Мария Федоровна, потупясь, сделала императрице доклад о благополучном ходе своей первой беременности. Екатерина надела очки и велела невестке поддернуть юбки повыше:
– Ба! Что я вижу? Знакомые мне туфли.
– Туфли вашей прежней невестки мне как раз впору.
– Крохоборы… вокруг меня одни крохоборы!
Потемкин спросил: дала ли она денег Густаву?
– Конечно. Король тоже босяк хороший…
Девлет-Гирей, ободренный подарками от султана, собирал силы, турецкие и татарские, чтобы внезапно обрушиться на пределы Новой России, размять конницей слабые и разрозненные гарнизоны. Опять заполыхают пожары, с петлями на шеях потащат на продажу в Кафу растрепанных баб, детей малых, стыдливых девушек… О, боже! Сколько потеряла Русь людей своих за эти кромешные столетия? Миллионы. Потемкин присел к столу. В углу комнаты котятки пили молочко, их тонкие хвостики мелко вздрагивали. Светлейший снова обратился к жуткой статистике прошлого. Бывало и так, что караваны русских, украинцев и поляков двигались через ворота Ор-Капу (Перекоп) день за днем, ночь за ночью, и один иностранец даже спросил татар: «Скажите честно, остались ли еще люди в той стране, в которой вы, татары, сейчас побывали?..»
Григорий Александрович вытер впадину мертвого глаза, источавшего слезу, и стал писать. Он писал Суворову, он писал и Румянцеву, а в переводе на военный язык все его слова обозначали четкий и бодрый призыв: «Вперед!»
Древняя сова, вырубленная генуэзцами из камня, все так же нелюдимо глядела с высоты ворот Ор-Капу в желтые ногайские степи. Суворов настегнул коня, вступившего на мост, связующий степи со зловредным ханством. Пожилой янычар без порток, в одной рубахе, поднял ружье, целясь… Шпагой его – раз!
– Вперед, чудо-богатыри… не отставай, ребятки!
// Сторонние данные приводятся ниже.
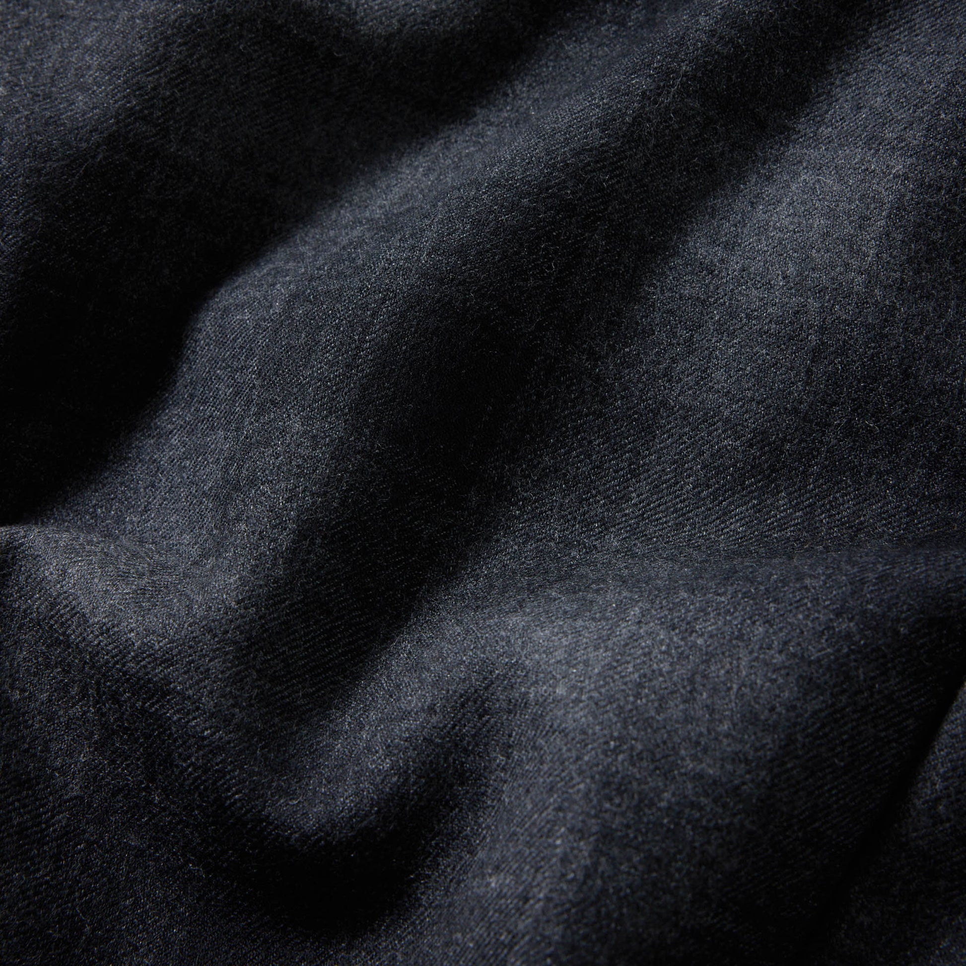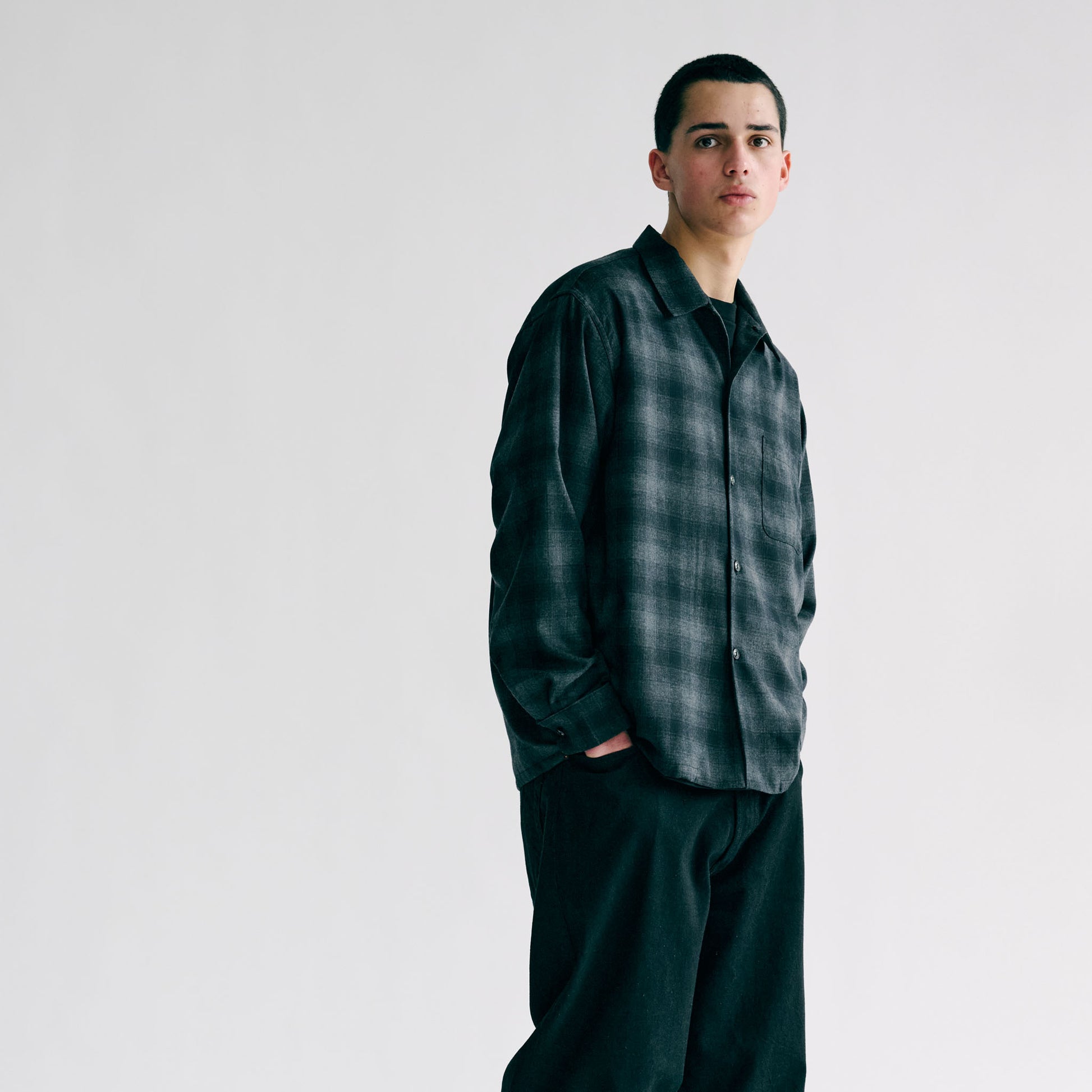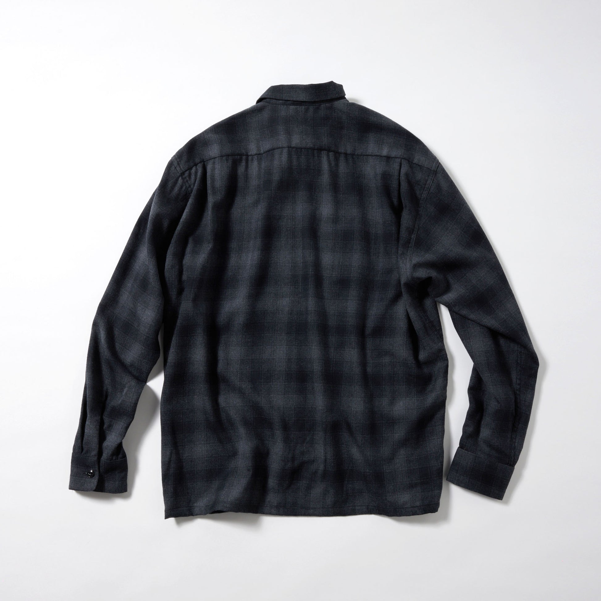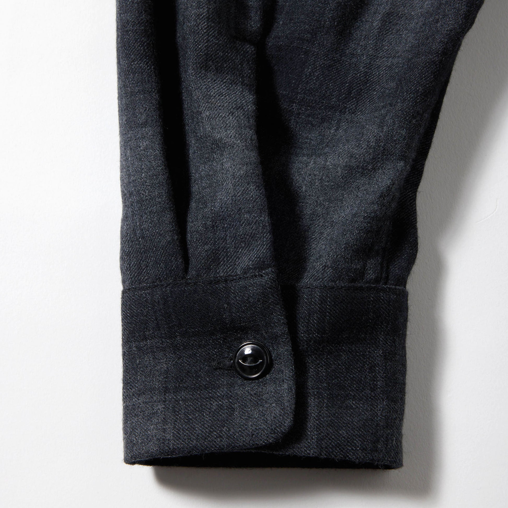 上質なウールビエラチェックの生地は、黒×杢チャコール×杢グレーの糸で構成されたモノトーンチェックのオリジナル素材。ブランド定番のボックス型シルエット。

За ним сухо и дробно, будто камни, попавшие в молотилку, громыхали устои моста, через который потоком вливалась в Крым прославленная в боях конница, двигалась, торча штыками, неутомимая пехота. За армянскими деревнями, зловонными от множества замоченных кож, Суворов собрал офицеров:
– Стараться нам бить противника не столько оружием, сколько маневром искусным, дабы войны не учалось во гневе…
Перекоп остался позади. Из придорожной кибитки вылез татарин, поднес Суворову блюдечко с медом, жестами показывая на кибитку, где прятались его жена и дочь, просил:
– Бурда аврэт кыз… аман, аман, не обижай!
Суворов вернул пустое блюдце хозяину, поблагодарил:
– Лэзэти, Адам, шюкурлер! – И дал шенкелей лошади…
А вот и сам Девлет-Гирей: масса его конницы забегала слева, топча кусты и тюльпаны. Суворов указал плетью:
– Отсечь дерзкого от гор! Казаков – в лаву…
Хищно блеснули шашки. Но, смирив боевое рвение, казаки убрали их в ножны. Гнали татар нагайками, без жалости дубася по согнутым спинам, пропахшим полынью, кумысом и потом. Ураганом пронеслась через Тавриду кавалерия, и сразу притихла ненавистная, проклятая Кафа, главный рынок по продаже рабов. А на горизонте едва виднелись турецкие корабли – это удирал из Крыма Девлет-Гирей…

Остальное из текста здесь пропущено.